She had surrendered at discretion. When she felt herself, again and again, pressed to his heart, she made no protest;—gave no sign when he devoured her cheeks, her lips, with kisses, countless, vehement-tender,—lay upon that broad shoulder in a kind of swoon.
She had waited so long and it had come so suddenly, this cyclone of love!
Lay there upon that broad chest,—she so little,—with upturned face but closed lids, from beneath which forced their way drop after drop of happy tears. Happy tears? Did not they too tremble, tremble, as they lingered, waiting to be kissed away?
Lay there, nestled upon that strong arm, and drunk with the wine of young love; the past forgot, the future banished,—living in the present alone. A present, delicious, dreamy, and wrapped in rose-colored incense-breathing mist. Shutting out all the world save only him and her. From afar comes floating to her ear, from the Hall, the sound of muffled laughter,—comes floating the drowsy tinkling of the piano, meaningless and inane! All things else are shams. Love alone is real!

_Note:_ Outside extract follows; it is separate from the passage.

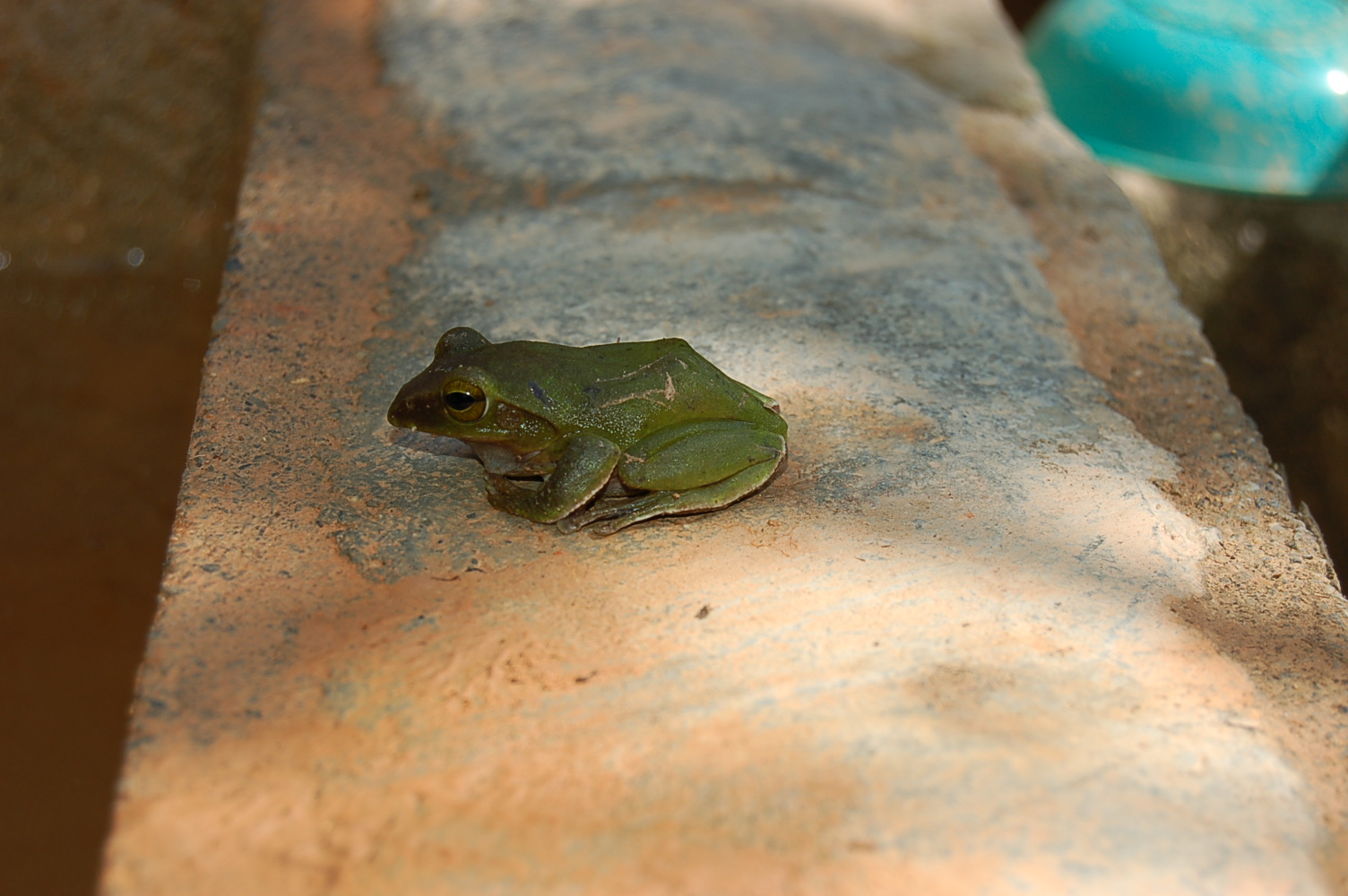 2匹のアマガエルが現れた。3日目に一匹はいなくなったが、他の一匹は20日経っても、常に定位置に現れ逃げない。

Yes, pillow thy head upon that arm, thy heart upon that hope, while yet thou mayest!
For dost not heed how within that deep chest, against which thy fair young bosom palpitates and flutters,—markest thou not how ’tis a lion-heart seems to beat therein? To beat thereunder with tempestuous thud, ominous of storm and wreck?
And those eyes, so wondrous tender now, and soft (for even if thou hast not stolen a look between thy dewy lids, thou hast felt their caressing glances), and those loving eyes? Hast forgotten how their changeful, bickering flashes once filled thy heart with dread, even before he was aught to thee?
If thou hast, dream on—dream on while thou mayest!
CHAPTER LII.
With the last word Alice dropped the manuscript on the table, and hastily left the room. Charley shot forth, with a vigorous puff, a ring of heroic proportions.